On February 8, China celebrated its entry into the New Year, a year placed under the sign of the Fire Monkey and which is announced to be dynamic and unpredictable. The Chinese even agree that during the Year of the Monkey anything can happen. If 2016 is the year of all possibilities, could it also be the year of the conquest of the world wine market by the Chinese?
This information had made a lot of noise last April, when the OIV (International Organisation of Vine and Wine) published its economic report revealing that China was now surpassing France in terms of cultivated wine-growing areas.
With nearly 800,000 hectares in 2014, China has indeed become the 2nd largest vineyard in the world, just behind Spain.If the figures are to be qualified because a part of these 800,000 hectares is devoted to the production of raisins and table grapes, the growth of Chinese vineyards is nevertheless remarkable. Whereas it had less than 4% of the world's vineyards in 2000, China now represents 11%.
The Chinese government has strongly encouraged this viticulture expansion policy by offering virgin land, encouraging industrialists to plant and even investing to develop wine tourism in certain regions.
This increase in wine-growing areas has been accompanied by an increase in Chinese wine production, making China the world's 8th largest wine producing country in 2014, with around 11 million hectolitres produced, i.e. 4% of world production. (NB: France takes 1st place with 46.7 million hectoliters produced).
A quantitative boom, but not only because although Chinese wines have long been reproached for their lack of quality, things are beginning to change. The professionals were not mistaken in saluting this qualitative progression at the last edition of Vinexpo in Bordeaux.
The investment of major international groups (LVMH for example) in Chinese vineyards in recent years is partly responsible for this positive development. Just like the Chinese owners who increasingly call upon international oenologists and consultants to bring their know-how and knowledge in viticulture. Finally, young Chinese students do not hesitate to come and train in France to acquire the best practices that they will then implement back home.
While China is betting on its vineyards to become a major player in the world wine market, it is also investing in vineyards abroad, particularly in France.
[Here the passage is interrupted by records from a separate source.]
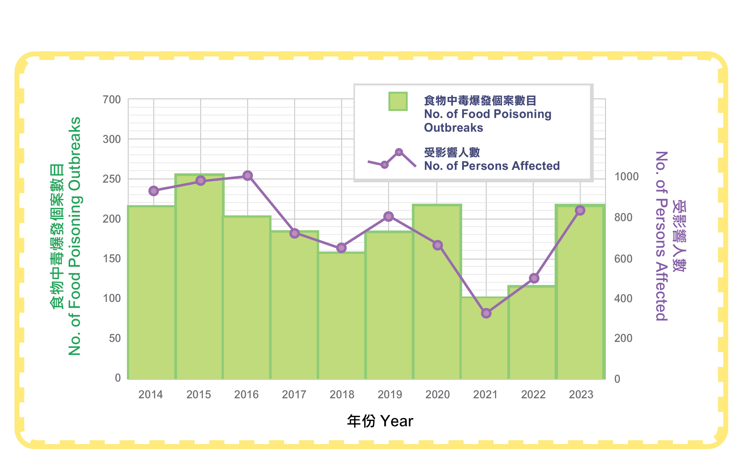 图:二零一四年至二零二三年有关食肆及食物业的食物中毒爆发个案数目及受影响人数
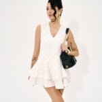 Suknelė išlaiko pusiausvyrą tarp elegancijos, lengvo judesio ir subtilaus skulptūriškumo.
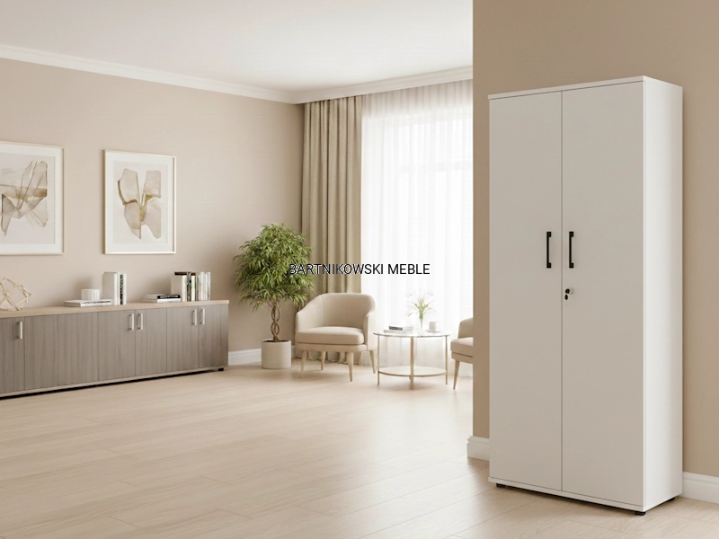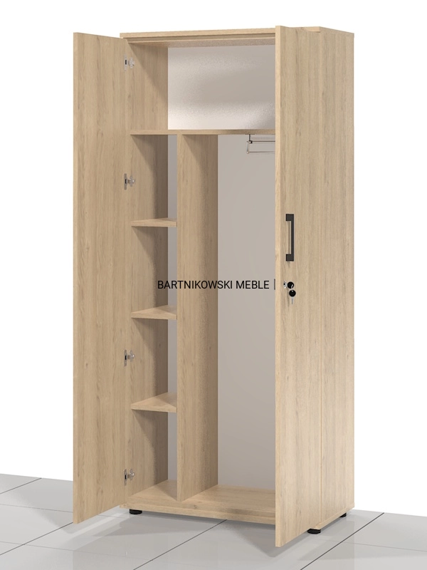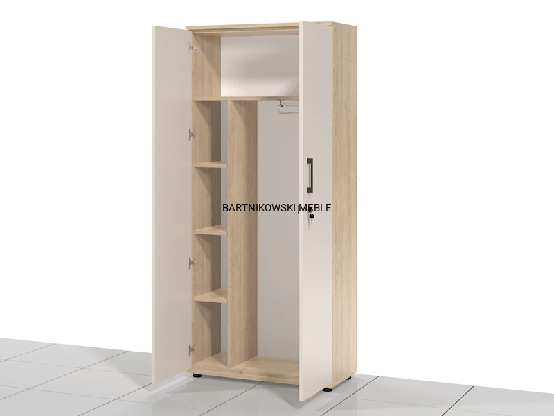 Wysoka na pięć poziomów segregatorów. Część odzieżowa szeroka na 60 cm z wysuwanym drążkiem.
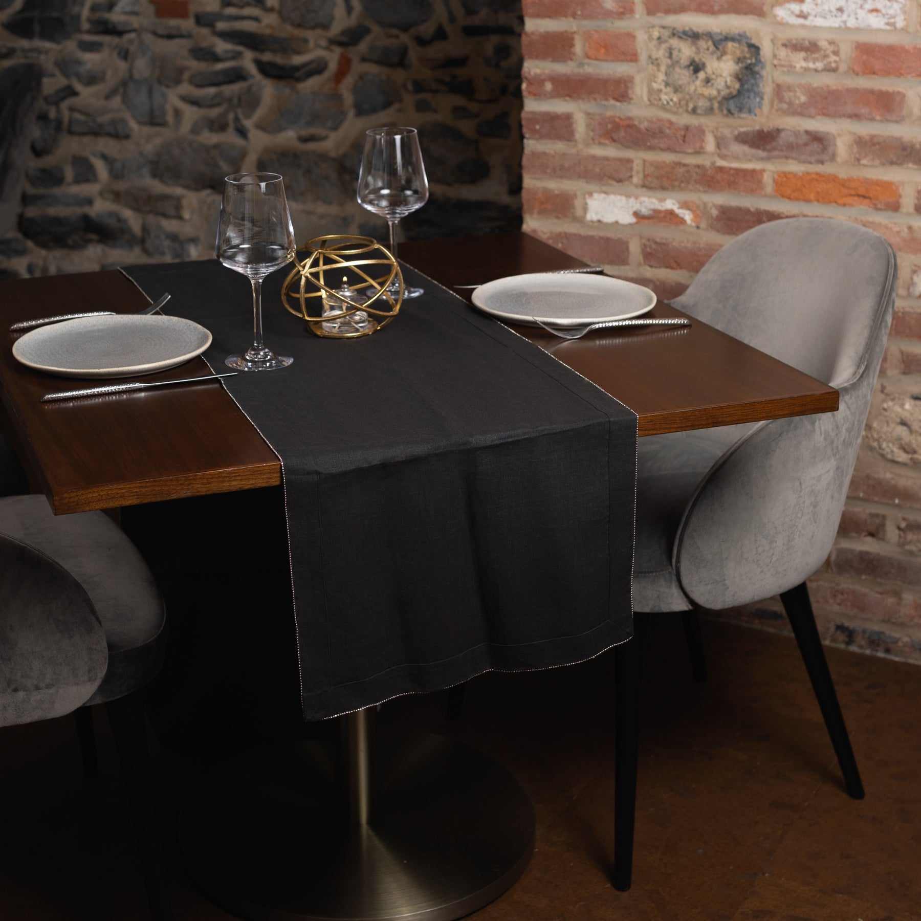 Rich in texture and tone, the Charcoal Silver Beaded Table Runner brings a sophisticated edge to your table. Crafted from pure linen and finished with hand-applied silver brass beading, this runner blends organic materials with subtle shine. A versatile, year-round accent that complements Michael Aram’s collections and adds artisanal elegance to any setting.
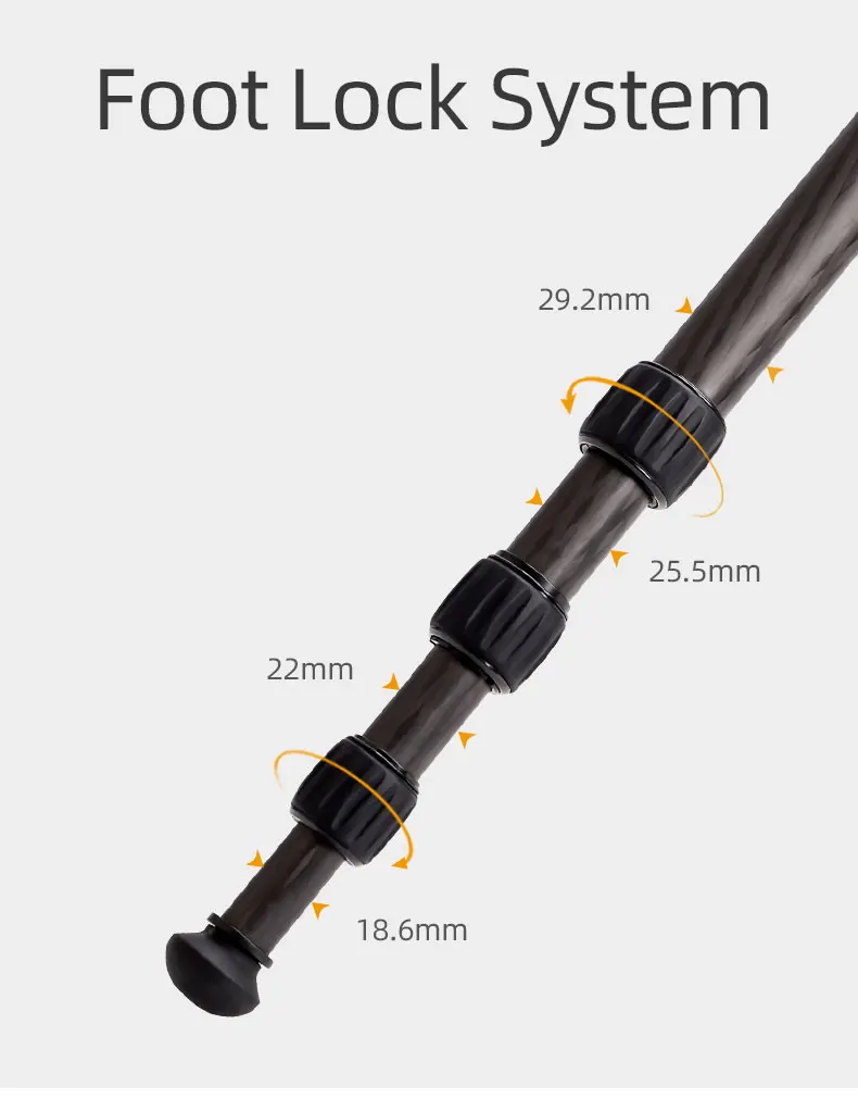 8x Ножки штатива из углеродного волокна обеспечивают стабильность и амортизируют вибрации, минимизируя вес, не жертвуя прочностью; С максимальным диаметром ноги 29,2 мм, держа снаряжение весом до 12 кг, что делает его пригодным для установки DSLR, компактные видеокамеры и цифровые кинокамеры
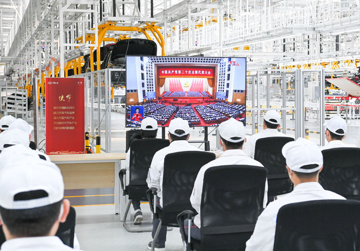 10月16日,在吉林省長春市中國第一汽車集團有限公司紅旗繁榮工廠,職工在收看中國共產黨第二十次全國代表大會開幕會。新華社記者 顏麟蘊 攝
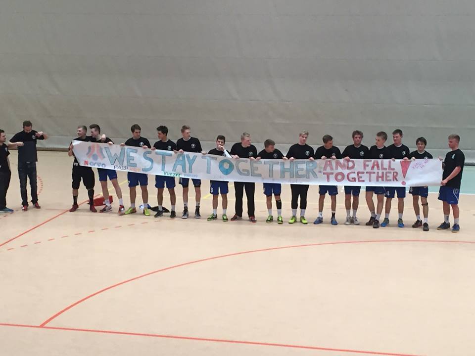 „Vor dieser Mannschaft kann man nur den Hut ziehen. Von Anfang an als Einheit aufgetreten, hat man auch außerhalb des Spielfelds das Gefühl gehabt, dass Freundschaften entstanden sind und insgesamt der Verein von diesen Jungs profitiert. Sie haben sich zu Vorbildern entwickelt und werden diesen Weg weitergehen. Der Traum Jugendbundesliga lebt…“, meint der Urheber des auf dem Spruchband verewigten Zitats, Oliver Ostwald. Fotos hier

Over the last five years, Chinese investors have thus become increasingly present in French vineyards, particularly in the Bordeaux region where they have bought more than a hundred châteaux.
According to an inventory of fixtures presented in 2015 by the company Vinea Transaction, they represent 21% of foreign investors in the whole of the French vineyard (NB : the study covers 600,000 ha, excluding Champagne, Cognac, Armagnac, Corsica, Savoy, Jura and Alsace) and 47% in the specific region of Bordeaux.
With this quantitative and qualitative boom in Chinese wine and an increased presence of Chinese investors in French vineyards, should we see China as a threat to French wine?
Not for the moment, for several reasons. Firstly, Chinese wines are still far from rivalling French wines in terms of taste, although their quality is improving. As for local production, it is mainly oriented towards the domestic market, with exports representing an anecdotal share of world exports.
China therefore presents for the moment little competition for France on the export market, while the Chinese domestic market represents more of an opportunity for French wines.Indeed, China has become the 5th largest market for wine consumption, just behind the United States, France, Italy and Germany. It is even the 1st red wine consuming country in the world. And the Chinese infatuation for wine does not seem to be about to be denied, in particular thanks to the middle class which is becoming westernized and more and more interested in wine.
To date, 80% of Chinese wine consumption is satisfied by local production. Imports represent the remaining 20%. French wines are the first imported wines because they benefit from a very positive image among consumers.
With the foreseeable growth of Chinese consumption, it is legitimate to think that the share of local production should decrease in favor of imports. An opportunity to be seized for French wines, from Bordeaux or elsewhere, but beware, other countries are counting on doing well, such as Australia which has already started a real operation of seduction with Chinese customers.